The headline is about the Whiz Kid's out-of-court settlement with Octopus Oil and the fallout of such a landmark case.  The New York Stock Exchange is reopening, which is surprising since I never noticed it closing.  A stock broker is quoted as giving his condolences for all those ripped off after he and his firm bought a bunch of Octopus Stock after causing a sell-off.  And now I realize why this chapter seems reassuringly familiar - we got the same headline in Chapter Seven of the last Part.  You know, between Torture Sessions #1 and #2. 
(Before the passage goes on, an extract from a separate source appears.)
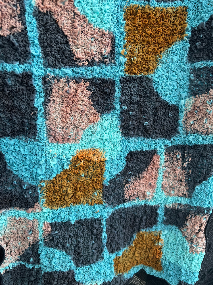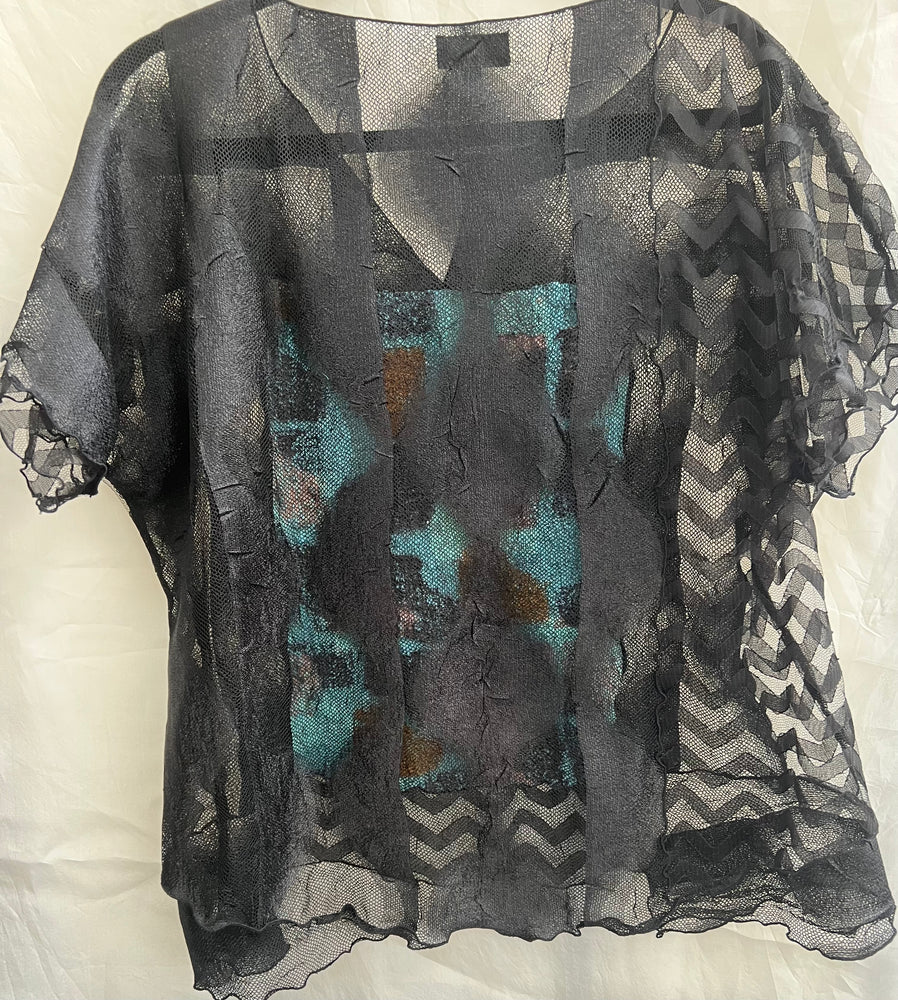 #250 QT Hand-Painted, Hand-Dyed Textured Geometrics with Tulle

Gris realizes that despite his meeting with Madison, the story mentions Swindle and Crouch in the same sentence as Boggle, Gouge and Hound.  Mr. Bury's gonna be maaaaad.  So Gris is in a pickle.  He's decided that New York City is "just too small for me and Pinch," but he can't flee to Turkey because there's that Apparatus assassin waiting to kill him if he continues to botch the mission, and Heller is "still winning."

How?

Heller's got his driving privileges suspended or something thanks to the fake Whiz Kid's antics, while he's unlikely to gain anything from the fake's recent victory because he wasn't the one actually in the courthouse.  Well, I say his driving privileges are gone, but we haven't seen anyone confiscate his keys or anything, probably because he looks nothing like the Whiz Kid getting spat on in the papers.  In fact, all this newspaper drama isn't having any discernible affect on him beyond making Babe Corleone cranky.  It's not so much that Heller has been stopped as it is that he's just not doing much.  Aside from keeping Izzy from killing himself again and taking out a laughably killable super-assassin and recovering tons of money and stuff.
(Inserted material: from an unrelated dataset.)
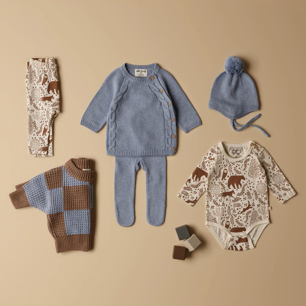 Keep little legs and feet warm with these cosy footed knit leggings. Made from a beautiful blend of cotton, bamboo and wool these lightweight, snug fitting leggings are both stylish and functional to wear.

It's like the newspaper drama is totally divorced from reality and the rest of the story.  Like the whole Psychiatric Birth Control garbage.  We're told it's there, but that's about it.

Well, the best Gris can come up with to get himself out of this mess is to hit Madison with a baseball bat, so he sits down and waits for inspiration.  "An idea greater than any idea I had ever had was absolutely mandatory!"

So of course he turns on the HellerVision.